Mr. Montaner has written more than 25 books, including five novels and a 2019 memoir, ‘Sin Ir Más Lejos’, published in English that year as ‘Without Going Further’.
In novels such as “Perromundo” (1972), translated as “Dog World”, he often addressed themes of exile and the existential choices faced by people trapped in the web of totalitarian oppression. His nonfiction work outlined a counter-narrative to the traditional Latin American leftist view of a region under US imperial control.
One of his best-known books is “Manual del Perfecto Idiota Latinoamericano”, which he wrote in 1996 with Alvaro Vargas Llosa and Plinio Apuleyo Mendoza, and which was published in English in 2000 as “Guide to the Perfect Latin American Idiot”.
“The perfect idiot,” wrote the trio, “leaves us in third-world poverty and backwardness with its vast catalog of dogma presented as truth.”
Carlos Alberto Montaner Suris was born in Havana on April 3, 1943. His father, Ernesto, was a journalist; his mother, Manola (Suris) Montaner, was a teacher.
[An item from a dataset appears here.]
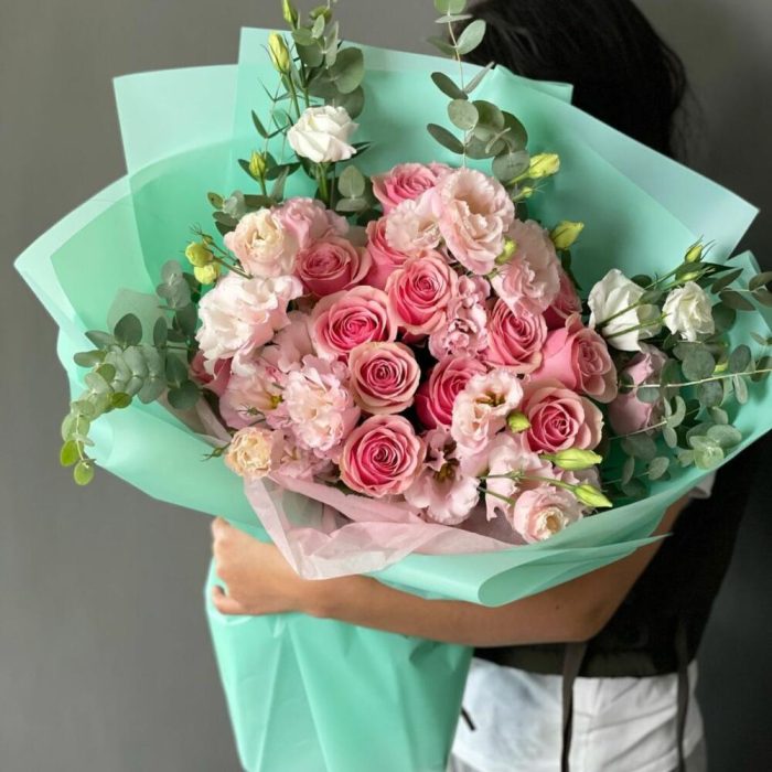 Авторский букет из розовых Пионовидных Роз и Эвкалипта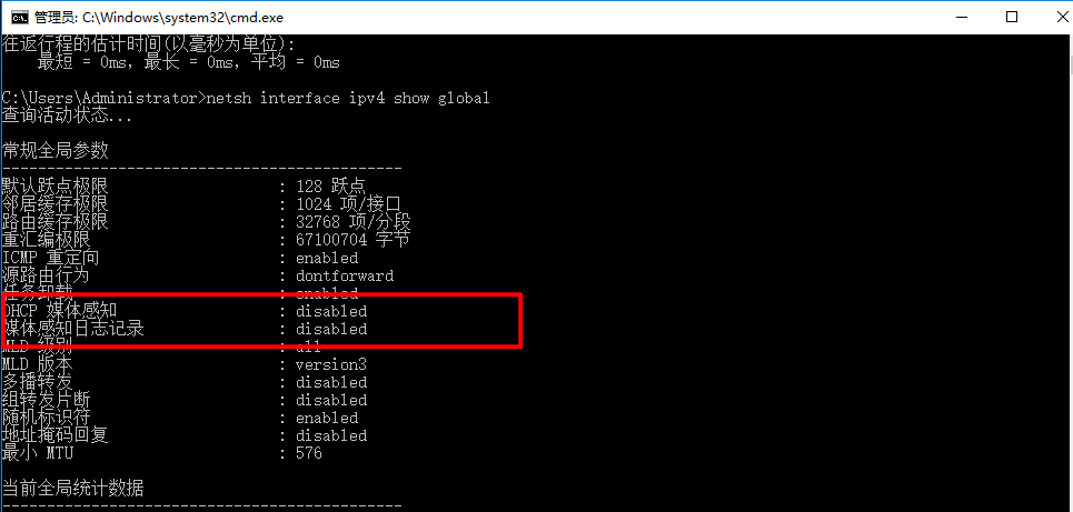C:\Users\Administrator> netsh interface ipv4 set global dhcpmediasense=disabled

When Fidel Castro led the overthrow of Fulgencio Batista’s government in 1959, Carlos was initially a staunch supporter. But he soon turned against the Communists and joined a group of anti-Castro rebels.
He was arrested in 1960. Because he was 17, the government placed him in juvenile detention, from which he escaped in early 1961.
He fled to the Honduran embassy, where he remained for months, along with 125 other dissidents. Finally, in September 1961, he got on a plane and headed to Miami.
Mr. Montaner studied Hispanic American Literature at the University of Miami. After graduating in 1963, he taught American literature at the Inter-American University of Puerto Rico in San Juan.
In 1970 he moved to Madrid and in 1972 he founded a publishing house, Editorial Playor. He kept his home in Spain, but returned often and for long periods of time to Miami, especially as his career as a political commentator took off.
Mr. Montaner was not a bomb thrower, which highlighted an incident in 1990. Appearing on a Univision news program, he claimed that one explanation for poverty among Puerto Ricans in the United States was that there were “thousands of mothers singles” who “seek to escape poverty through affluence”.
More than a dozen Puerto Rican groups have asked Univision to do it let Mr. Montaner go, even after he apologizes. The network stayed with him, but El Diario, the largest Spanish-language newspaper in the United States, canceled his column.
He married Linda Periut in 1959. Together with her and her son, he is survived by his daughter, Gina; his brother Ernesto; and three grandchildren.
Even after the fall of the Soviet Union, Cuba’s main supporter, in 1991 and Castro’s death in 2016 failed to remove the country’s Communist government, Mr. Montaner continued to be optimistic about a democratic transition on the island.
At the same time, he acknowledged that his decades of optimism had left him emotionally homeless, having failed to put down roots in Miami or Madrid in anticipation of an imminent return to Havana.
“Don’t do what I did,” he said in a 2020 interview with the PanAm Post website. “For the desire to want to return to my country, for the certainty that my return was imminent, I have never tried to adapt to the countries in which I have lived”.